Il poursuit : « Alors, où en sommes-nous? Cela nous place, pour parler très franchement, devant la question de savoir comment la vraie Eglise et la fausse peuvent avoir le même pontife, et ce qu'il faut faire à ce propos. D'autres soulèvent cette question à leur propre façon. C'est une question très inconfortable, que ce soit pour l'humble laïc ou pour le clerc exalté, contre lesquels l'Instrumentum laboris tire à vue s'ils donnent le moindre signe de pétrification. J'ai tendance à croire que la question est très inconfortable pour le pontife lui-même, qui détient la charge de Pierre tout en l'utilisant pour attaquer la “pétrification”. Mais c'est bien la question soulevée par le synode sur l'Amazonie, qui est bien en effet un signe des temps. »
D'aucuns en ont conclu que Farrow est devenu « anti-papiste » ou « sédévacantiste », ce qui est contredit par ce dernier paragraphe. Cet écueil-là, il faut l'éviter tout en restant fermement accroché à la vérité.
C'est, me semble-t-il, le sens de la forte déclaration du cardinal Müller à Maike Hickson pour LifeSiteNews. Je vous en propose ci-dessous ma traduction non-officielle.

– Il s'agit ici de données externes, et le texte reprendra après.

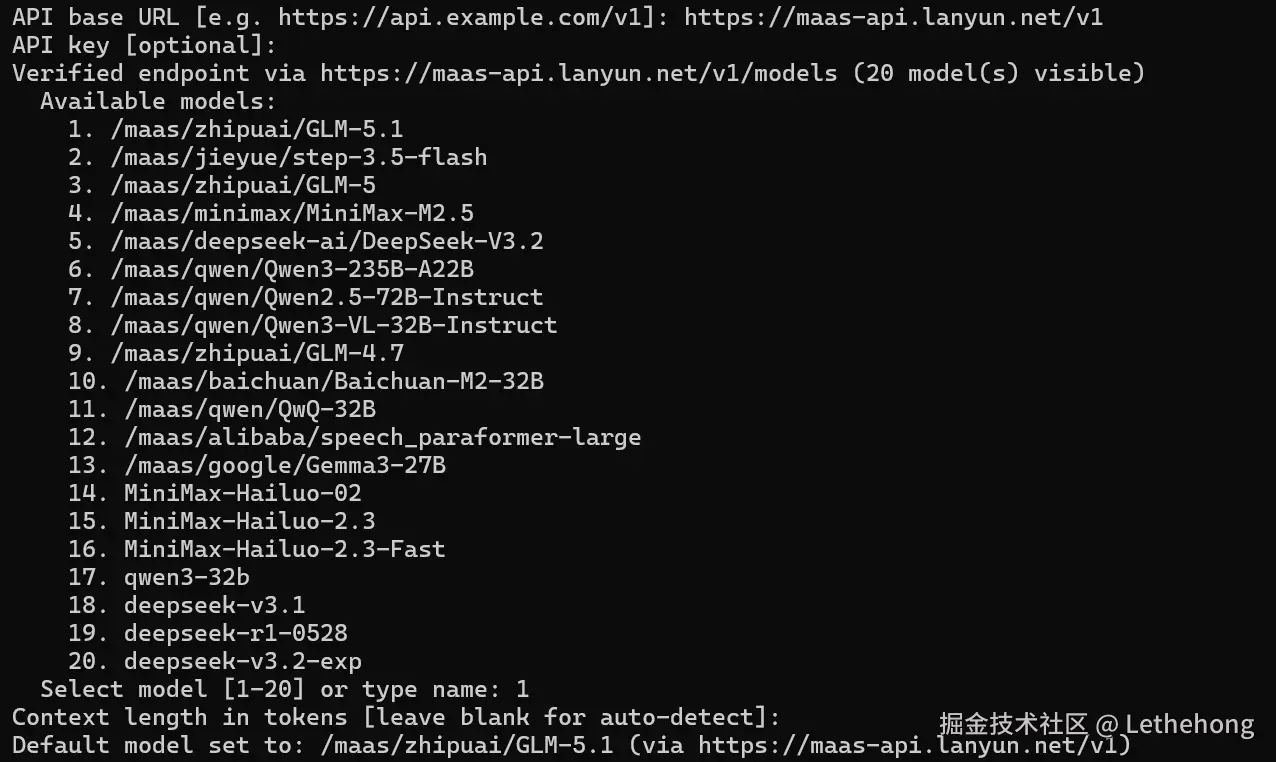 一个卓越的 Agent 需要一颗敏锐的“大脑”。Hermes Agent 完美兼容 OpenAI 格式的 API,这使得我们可以极其顺滑地接入蓝耘(Lanyun)元生代 MaaS 平台,以极具性价比的 GPU 算力驱动其思考。

Déclaration du cardinal Gerhard Müller à LifeSite, le 22 octobre 2019
C’est un article très pertinent. Ici [à Rome], on n’entend rien. Rien ne filtre, si ce n’est qu’une pression immense s’exerce sur ceux qui pensent d’une manière orthodoxe et catholique. Dans quelle situation sommes-nous pour que même les évêques ne se rendent pas compte de ce que la frontière du vieux paganisme a été franchie. C’est là que l’on retrouve les vrais « conservateurs » ou les « archi-réactionnaires », ceux qui interprètent ces termes dans le sens exact du Christ qui est la fraîche nouveauté de Dieu, celle qui ne peut être dépassée.
Par exemple, du temps de saint Irénée de Lyon et aussi avant – saint Irénée qui nous a donné ses cinq livres Contre les hérésies qui sont aujourd’hui encore très pertinents – certains se sont laissés « à tort captiver par la soi-disant Gnose. Ceux qui l’ont professé se sont égarés et se sont éloignés du chemin de la foi » (1 Tm 6, 21). Irénée avait auparavant passé quelque temps à Rome et y avait combattu les hérésies gnostiques chrétiennes. Au IIe siècle, il est le plus important défenseur de la primauté romaine, mais cela ne l’a pas empêché d’appeler personnellement les papes Eleuthère et Victor Ier à choisir des approches plus sages et plus justes.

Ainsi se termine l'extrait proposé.